For this new model, using cook’s distance as a reference, the new point is a leverage point but not an outlier.
lm.fit2 =lm(y~x1)
summary(lm.fit2);
##
## Call:
## lm(formula = y ~ x1)
##
## Residuals:
## Min 1Q Median 3Q Max
## -2.8897 -0.6556 -0.0909 0.5682 3.5665
##
## Coefficients:
## Estimate Std. Error t value Pr(>|t|)
## (Intercept) 2.2569 0.2390 9.445 1.78e-15 ***
## x1 1.7657 0.4124 4.282 4.29e-05 ***
## ---
## Signif. codes: 0 '***' 0.001 '**' 0.01 '*' 0.05 '.' 0.1 ' ' 1
##
## Residual standard error: 1.111 on 99 degrees of freedom
## Multiple R-squared: 0.1562, Adjusted R-squared: 0.1477
## F-statistic: 18.33 on 1 and 99 DF, p-value: 4.295e-05
plot(lm.fit2);
In both cases, x1 is statistically significant to the variations in y. However, we observe a sizeable negative change is the R-squared value. Hence, this model is worse than the former.
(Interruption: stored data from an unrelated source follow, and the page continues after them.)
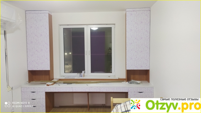 Кстати, замерщик отрисовал будущую мебель в компьютерной программе. Интересно было увидеть предварительный результат. Он и же бумаги оформил. Привезли мебель через 20 дней примерно. Со сборкой пришлось дня три подождать, день переносили, менеджер звонила по согласованию. Собрали в итоге без нареканий, быстро и качественно. Рабочая зона смотрится современно, покрытие необычное, но интересно, дочь в восторге. Сама рабочая поверхность большая, шкафы по бокам смещают все нужно, есть и ящики с обеих сторон для вещей.
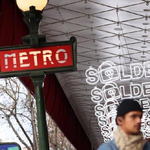 1月11日,一名女子走過(guò)法國巴黎街頭的打折季廣告。
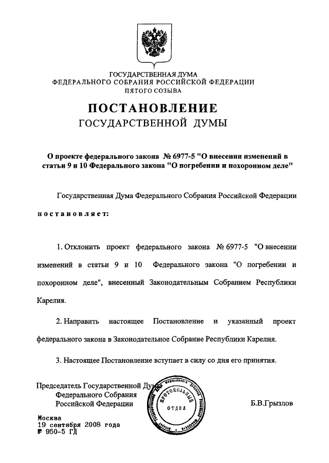ПОСТАНОВЛЕНИЕ ГД ФС РФ от 19.09.2008 N 950-5 ГД

For this model, the added data point is a relative outlier. It is not an absolute outlier in the sense that the magnitude of its separation from the “normal” range is quite small.
lm.fit3 =lm(y~x2)
summary(lm.fit3);
##
## Call:
## lm(formula = y ~ x2)
##
## Residuals:
## Min 1Q Median 3Q Max
## -2.64729 -0.71021 -0.06899 0.72699 2.38074
##
## Coefficients:
## Estimate Std. Error t value Pr(>|t|)
## (Intercept) 2.3451 0.1912 12.264 < 2e-16 ***
## x2 3.1190 0.6040 5.164 1.25e-06 ***
## ---
## Signif. codes: 0 '***' 0.001 '**' 0.01 '*' 0.05 '.' 0.1 ' ' 1
##
## Residual standard error: 1.074 on 99 degrees of freedom
## Multiple R-squared: 0.2122, Adjusted R-squared: 0.2042
## F-statistic: 26.66 on 1 and 99 DF, p-value: 1.253e-06
plot(lm.fit3);
In both cases, x2 is statistically significant to the variations in y. However, we observe a sizeable positive change is the R-squared value. Hence, this model is better than the former.
For this model, using cook’s distance as a reference, the added data point is not an outlier or leverage point.